---- TASK INPUTS
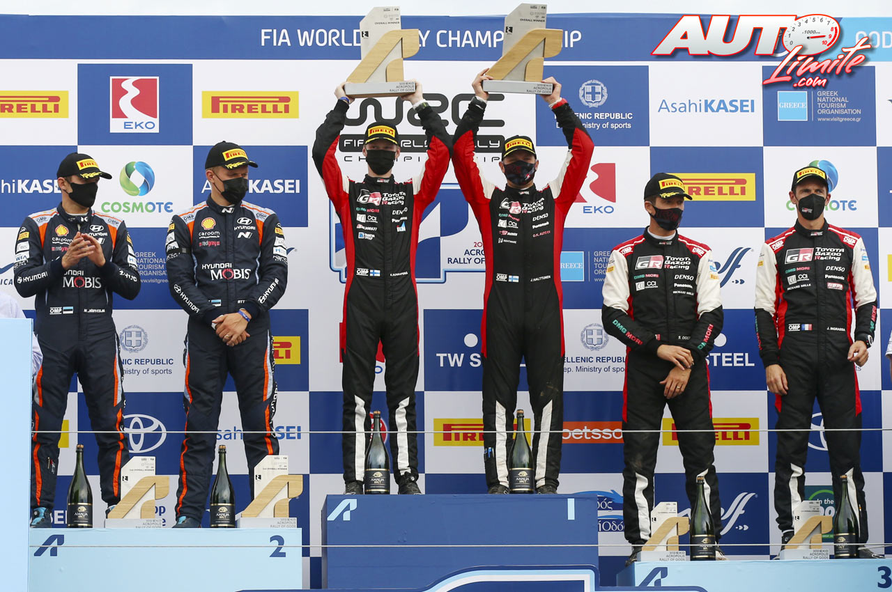 Podio del Rally de Grecia 2021, puntuable para el Campeonato del Mundo de Rallies WRC 2021. De izquierda a derecha: Martin Järveoja y Ott Tänak (Toyota), Kalle Rovanperä con Jonne Halttunen (Toyota) y Sébastien Ogier junto a Julien Ingrassia (Toyota).
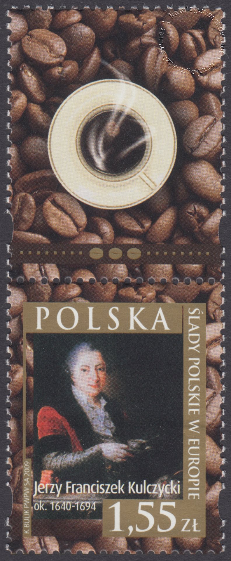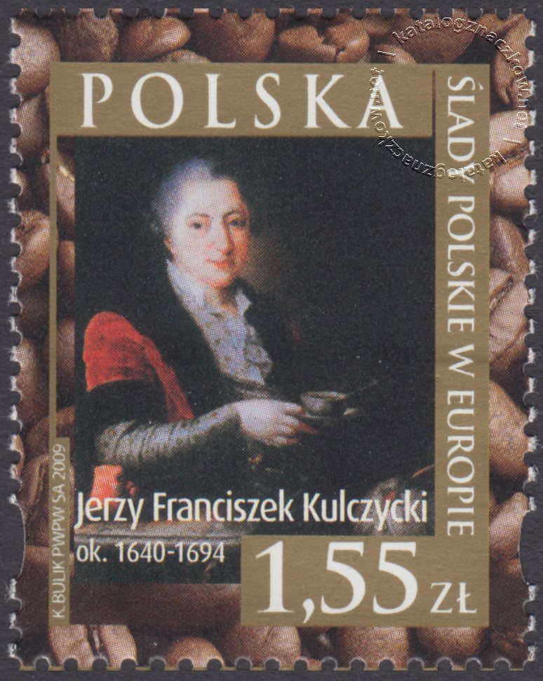 Opis: Jerzy Franciszek Kulczycki na tle ziaren kawy
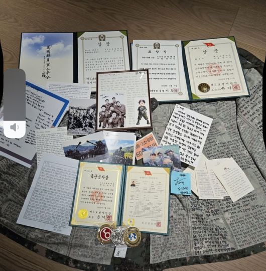 또한 다른 사진은 군생활을 통해 받은 상장과 표창장, 동료들의 편지 등을 담고 있으며 마지막 사진에는 함께 전역한 정국과 BTS 페스타 현장을 찾아 남긴 네컷의 사진이 담겨 있다.
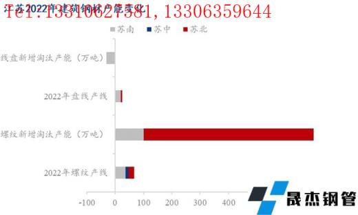 2022年江蘇產(chǎn)能整體呈現(xiàn)小幅增加的態(tài)勢(shì),具體來(lái)看,蘇南地區(qū)螺紋產(chǎn)能新增100萬(wàn)噸,淘汰30萬(wàn)噸,蘇中區(qū)域暫無(wú)新增產(chǎn)能,蘇北區(qū)域產(chǎn)能增幅明顯,其中螺紋新增產(chǎn)能600萬(wàn)噸;從生產(chǎn)條線(xiàn)來(lái)看,螺紋產(chǎn)線(xiàn)主要集中在蘇南、蘇北區(qū)域,蘇中區(qū)域占比較少,而盤(pán)線(xiàn)方面,主要是蘇南區(qū)域。整體2022年螺紋產(chǎn)線(xiàn)52條,同比新增5條,產(chǎn)能6504萬(wàn)噸,同比新增700萬(wàn)噸;盤(pán)螺產(chǎn)線(xiàn)25條,同比新增1條,淘汰1條,產(chǎn)能3520萬(wàn)噸,淘汰30萬(wàn)噸。
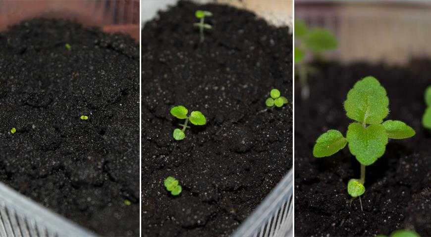 Сеянцы глоксинии: 1 фото — двухдневные, 2. фото — двухмесячные, 3 фото — перед пикировкой
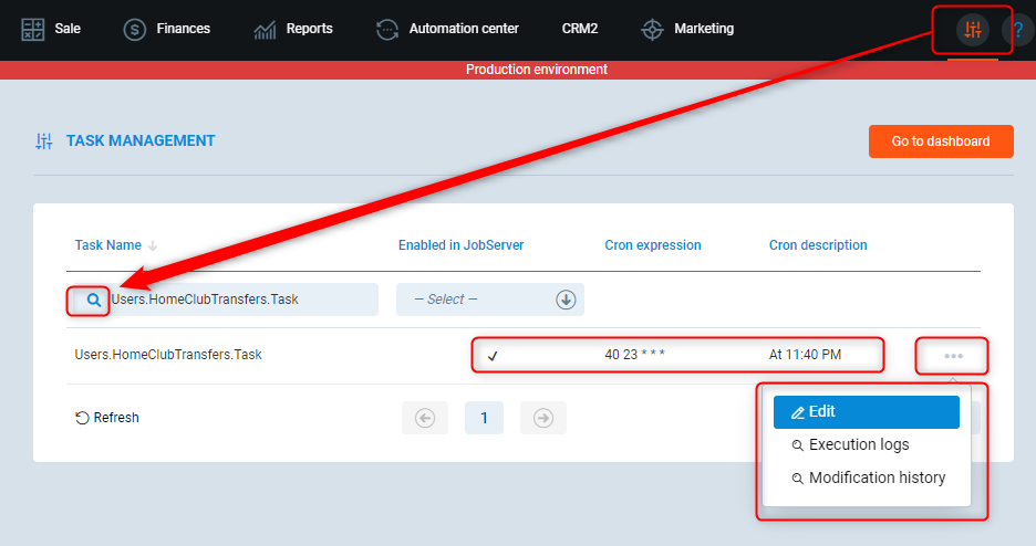 - Use the search box to find this task. If the task is active, you will see a tick in Enabled in JobServer. Cron description value means the time this task will be executed. This value can be adjusted by the club.
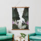The polyester fabric displayed many wrinkles and several sharp creases throughout. At the bottom of the tapestry, I noticed a bulge in the fabric because it was not pulled tight enough before being connected to the wooden boards. It took me over an hour to spay water on the tapestry before putting it on an ironing board where I used a warm iron over a polyester cloth to remove the wrinkles and creases in the material. I was able to get out the wrinkles and creases that made that tapestry look as beautiful as its picture.
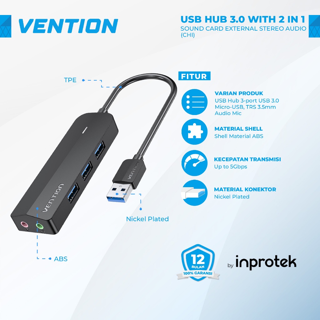 Vention USB Hub 3.0 with 2in1 Sound card External Stereo Audio
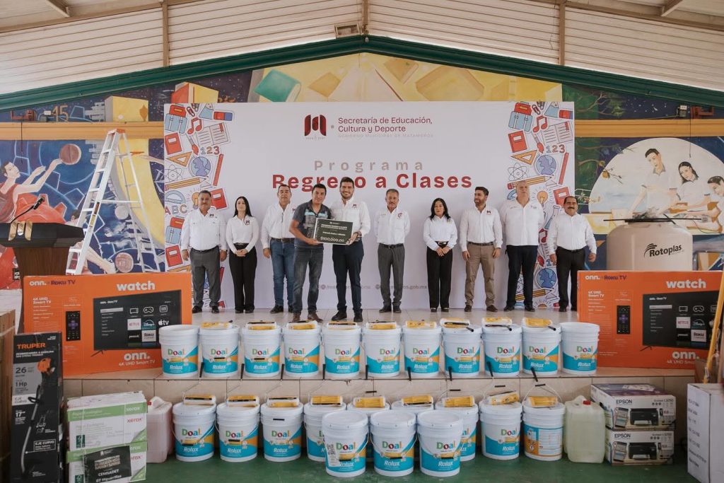 El Presidente Municipal, Beto Granados, visitó el CBTis 135 para dar inicio al programa Regreso a Clases 2025, una estrategia orientada a fortalecer la infraestructura educativa y garantizar mejores condiciones para el desarrollo académico de los estudiantes. Con una inversión de 7 millones de pesos, el Gobierno de Matamoros beneficiará a un total de 68 instituciones educativas mediante apoyos en especie: 60 planteles de preescolar, primaria y secundaria recibirán cien mil pesos cada uno y ocho preparatorias urbanas y rurales contarán con 125 mil pesos en insumos y equipamiento. Durante la jornada en el CBTis 135, se entregaron más de 20 cubetas de pintura y herramientas para la renovación de sus instalaciones, refrendando el compromiso de esta administración con el fortalecimiento de la educación en todos los niveles. El Gobierno de Beto Granados reiteró que invertir en las escuelas es invertir en el futuro de Matamoros, impulsando el desarrollo de nuevas generaciones con espacios más dignos y adecuados para el aprendizaje.
--------
WORK TASK: When copying from the data above, print only the lines from the line containing "Opis: Jerzy Franciszek" to the line containing "또한 다른 사진은 군생활을", exactly, and leave the pictures out.

EXERCISE ANSWER:
 Opis: Jerzy Franciszek Kulczycki na tle ziaren kawy
 또한 다른 사진은 군생활을 통해 받은 상장과 표창장, 동료들의 편지 등을 담고 있으며 마지막 사진에는 함께 전역한 정국과 BTS 페스타 현장을 찾아 남긴 네컷의 사진이 담겨 있다.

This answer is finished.